Jan. 13, 2011, 06:22 PM
Very stout H's. There are fences around here with the single cross they spec that have pulled up. One is on our farm, but I have seen others installed by a local company that are leaning.

Our pasture has heavy duty H's and no issues yet. We're about to put more fence in and will do the same.

Unless I'm misunderstanding what you have done, I think that is one of the options presented in the Centaur manual. They give a lot of different ways to do the termination and corners depending on soil and climate, etc.

I do agree with your thought to go with the strongest termination and corner type. I'd rather have it be too strong than find out it is too weak! We have issues on ours only where our contractor did not follow directions (why, oh why, did it take me over a year to even notice???). We'll have to fix it, and I'll be thinking again how much easier it would have been to do it RIGHT the first time, not go back and fix it...won't have those guys back again!:mad:

Jan. 17, 2011, 06:26 PM
Yes, your so right. Its so much better to do it right the first time. I think that some installers may try to do 'short cuts' in order to give the customer a lower price and get the job. But the customer pays the price later. Often, you get what you pay for. Its good to really ask the installer how they do 'terminations', corners and ends. How much concrete they use, and how it is poured arouind the posts. Another big question if your getting posts from your installer, how long are they, how big around and proof of the life expectency of the posts. Get installers warranties in writing. And, walk your complete fence line before you hand over the final payment for your installation. If you see something that is not right, they can fix it before they leave or before you completed your payment. I have closely worked with Centaur and Ramm, Im a certified fence installer, and have been involved with fencing for over 20 years at Ramm. Hope this helps anyone that needs info on installs.

Jan. 17, 2011, 10:04 PM
We ask potential customers to tell their installers it must be done according
to the manual (the whole manual (old one, new one just out and don't have it yet) is on our website for downloading. We emphasize that doing the corners and gate/posts are critical to a good installation.

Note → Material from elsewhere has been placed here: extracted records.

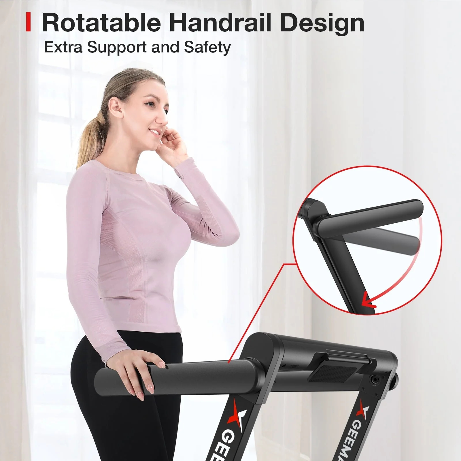 ④Enhanced safety assurance:Equipped with 270° No dismantling rotating armrest, the treadmill provides effective protection during fast running, ensuring a safer workout experience compared to armrest-free designs.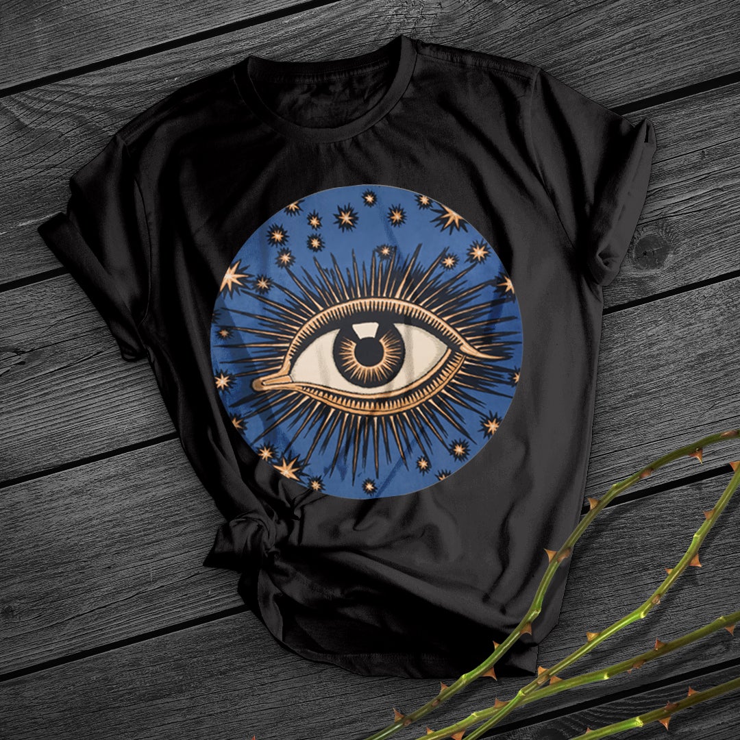 Psychedelic Eyes Black Women's Print Short Sleeves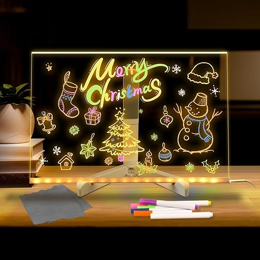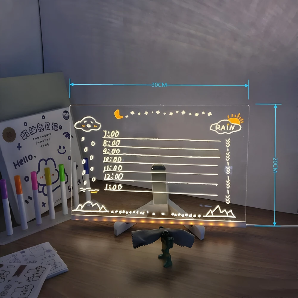 (El producto contiene un cable USB, 7 fibrones de colores, un soporte y una pizarra LED. Puedes utilizarlo como tablero de planificación, notas, calendario o como mas te guste. El soporte es ajustable y es fácil de limpiar).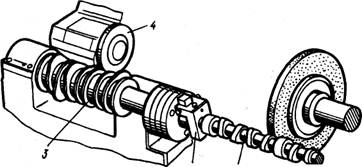 Профильное шлифование ведут методом копирования или огибания (рисунок 1). При методе копирования профиль шлифуемой поверхности детали полностью совпадает с профилем шлифовального круга, который специально профилируют при правке. При методе огибания профили детали и круга не совпадают, а сложный контур на детали образуется как огибающая различных положений шлифовального круга простой формы. Более распространен метод копирования. Он применяется на различных типах шлифовальных станков и обеспечивает высокую производительность. Круги правят фасонными алмазными роликами и копирными устройствами, расположенными на бабке шлифовального круга. Операция шлифования кулачков распределительного вала (рис. 2) является типовым примером огибания детали по кругу. Заданный профиль кулачка образуется при совокупном вращении и качании распределительного вала /, который установлен в центрах круглошлифовального станка с качающимся столом. Копиры 3, установленные на передней бабке, поочередно контактируют с копирным роликом 4 и при вращении шпинделя передней бабки осуществляется качательное движение стола по программе, задаваемой профилем копира. Хомутик 2 обеспечивает согласование углового положения копиров и кулачков. Профилешлифовальные станки, работающие по методу огибания, основаны на принципе копирования чертежа или шаблона и бывают механического или оптического действия. Механический станок (рис. 3, а) с пантографом имеет шаблон 1 и щуп 2. Поступательное перемещение последнего передается на шлифовальный круг 5 через пантограф 4 (с уменьшением),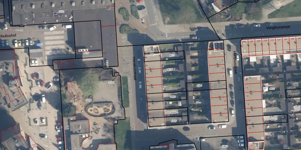 Het perceel waarop Horatiusstraat 31 staat heeft een oppervlakte van 2179 m². Dit is een zeer groot perceel. De perceeloppervlakte wordt geregistreerd door het Kadaster. Gedetailleerde informatie over de maten van dit perceel kunt u vinden in het rapport Kadastrale kaart met maatvoering van Horatiusstraat 31.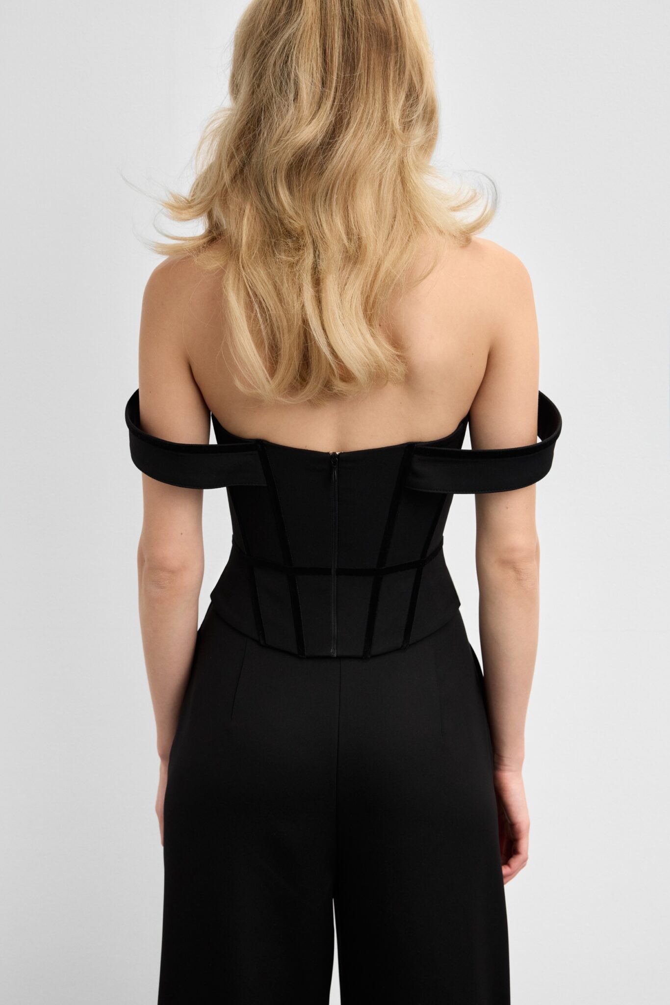 Корсет зі спущеними плечима та силуетними швами, що підкреслюють форму. Шнурівка на спині забезпечує ідеальну посадку. Доступний у двох кольорах: айворі та чорному.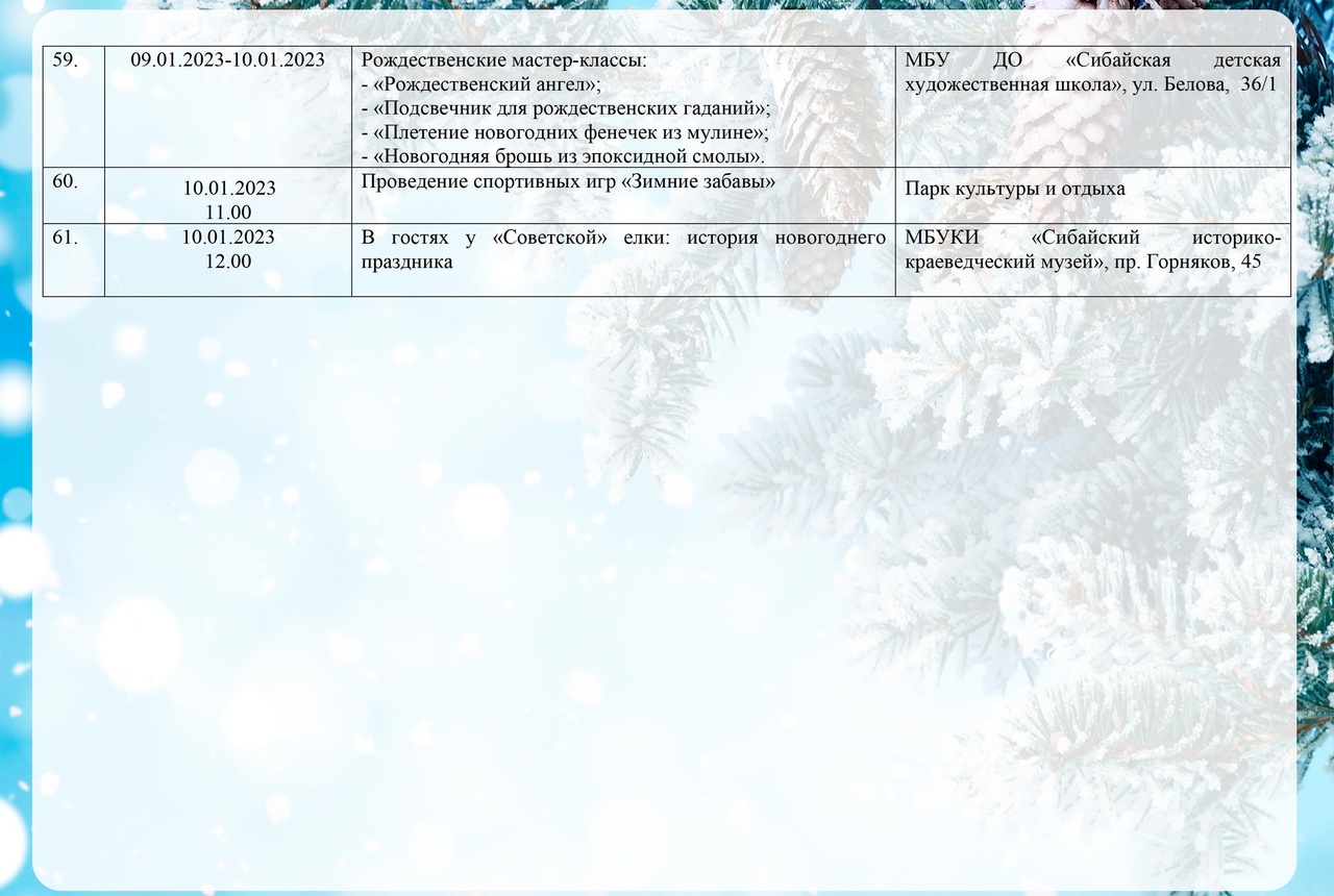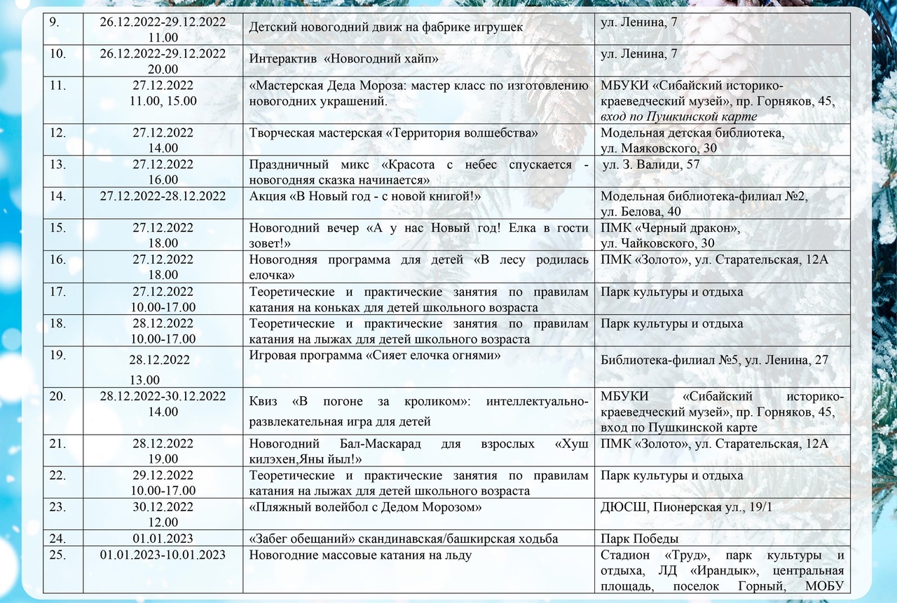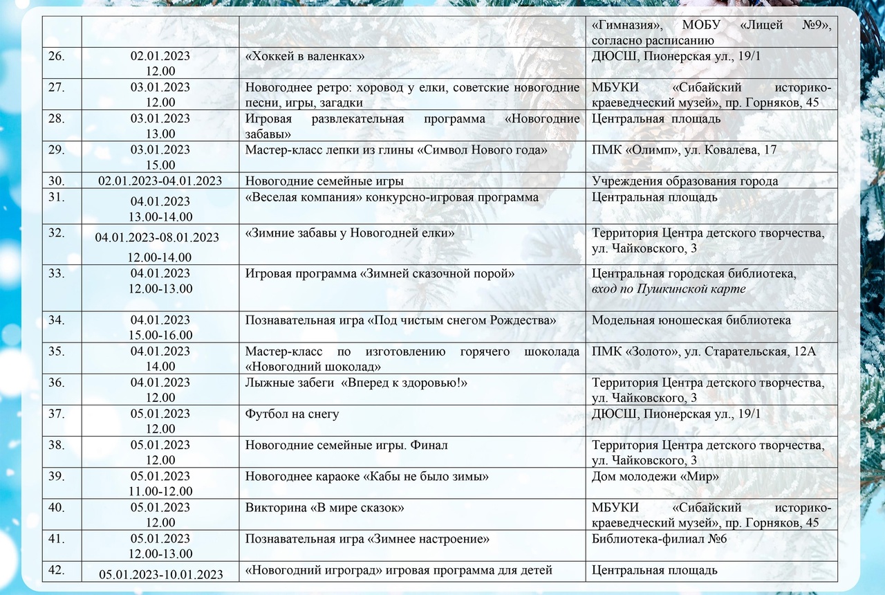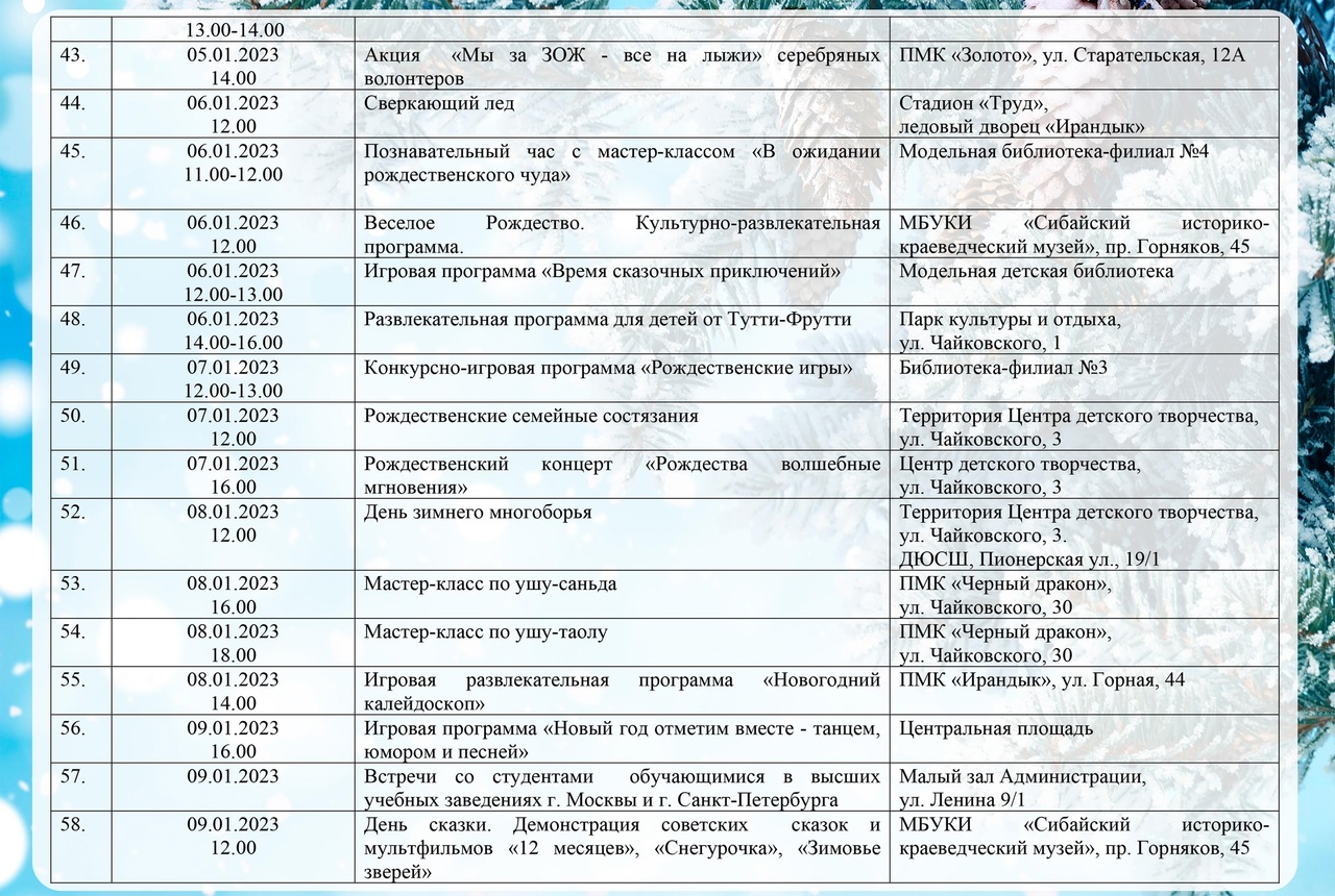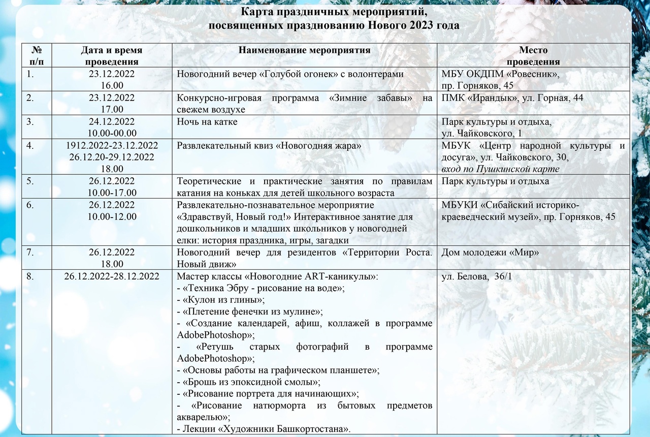 КАРТА ПРАЗДНИЧНЫХ МЕРОПРИЯТИЙ, ПОСВЯЩЕННЫХ ПРАЗДНОВАНИЮ НОВОГО 2023 ГОДА

The horizontal-diagonal brace is the strongest (H-brace with a diagonal post).
Without the diagonal post, most stallers put a wire loop diagonally on the
H-brace. The installers for our fence in Colorado many moons ago before we
knew much about fencing used H-braces with the loop. All this money for
coated wire and now lots of loops of uncoated wire with a pair of paw-happy
thoroughbreds. One H-brace ended up with a plywood board on either side
as it was closest to the food. Again, proper hole depth and shape of the
hole is very important.

Jan. 18, 2011, 07:29 PM
Years ago horse people caught on to bare wire fence, brought here from Australia for cattle. The bracing was done with a wire loop and a 'twist or twitch' stick. We all know now that this type of brace can be detrimental to horses, and be avoided for equine use. Ramms installation manual reccomends concreted corners, ends,vanything out of a straight line, gate areas and rounded corners. H-bracing is strong, however, in some soils-sand, very wet areas, etc. a double-H brace may be needed. Once again depending on what breed or how aggressive horses are, extra bracing may be needed. Ramm's installation manuals are able to be down loaded from the site. Easy to look up just about any type of safer fence alternative with h-bracing, concreting, posting and dimensions for installations. Hope this helps with any install questions!